Surpreendidos pela matéria com o rapper Dexter, veiculada pelo Uol na última sexta-feira, dia 07/12/2012, a assessoria de imprensa do artista, juntamente com o mesmo, se vê no direito e na obrigação de manifestar seu repúdio com relação ao conteúdo da edição do material. Em primeiro lugar, gostaríamos de deixar claro que o artista não pertence e, tampouco, representa o PCC, facção que, segundo a mídia, atua dentro e fora dos presídios de São Paulo. Também reforçamos que, em momento algum, o rapper defende a violência como solução para problemas sociais ou de qualquer ordem.
A pauta nos foi proposta tendo como único entrevistado o Dexter. Não fomos informados que a opinião dele seria associada deliberadamente a de outras pessoas, pelo contrário, já que o artista concedeu a entrevista sem a presença de nenhum outro entrevistado. A conversa com o jornalista Rodrigo Bertolotto teve duração de cerca de uma hora e foi editada de maneira irresponsável, em vídeos de curta duração, dando ênfase apenas para trechos da fala do artista, induzindo o leitor a acreditar que o rapper faça apologia ao crime e ao PCC.
Conforme conversado previamente com o jornalista e com a produtora da reportagem, o tema em questão é bastante delicado e a forma como o material foi publicado tendencia o leitor a acreditar em uma posição que não condiz com o pensamento do artista, além de colocar em risco sua credibilidade e integridade física, e de comprometer a reputação do Hip Hop, estigmatizando o movimento.
A pauta proposta era que o Dexter abordasse temas como violência, juventude, periferia, carreira artística e Hip Hop no momento atual. Entretanto, toda a parte da entrevista em que ele fala sobre sua carreira, assim como sobre o projeto “Como Vai Seu Mundo”, desenvolvido pelo rapper dentro do sistema carcerário, ficaram integralmente de fora da edição do material publicado. Estas informações são essenciais para compreender a visão do artista sobre os assuntos em questão.

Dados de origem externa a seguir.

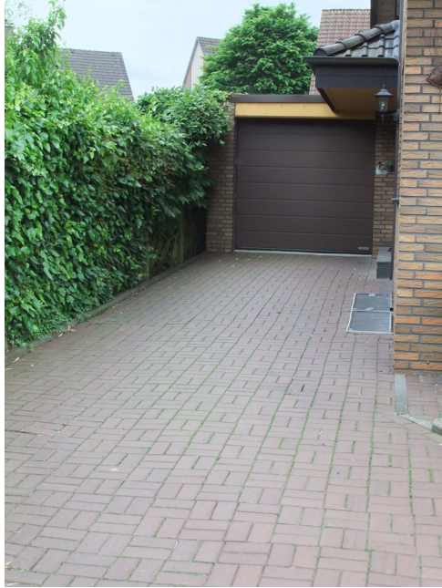
Hauseingang linke Seite

Vale lembrar também que Dexter já cumpriu seu período de reclusão e, hoje, se dedica exclusivamente a difusão de sua música e de palestras que visam sempre a paz e a conscientização de que o crime não compensa. É lamentável que o passado do artista tenha sido colocado em primeiro plano, deixando de lado seu momento atual de êxito profissional e o impacto positivo de suas mensagens.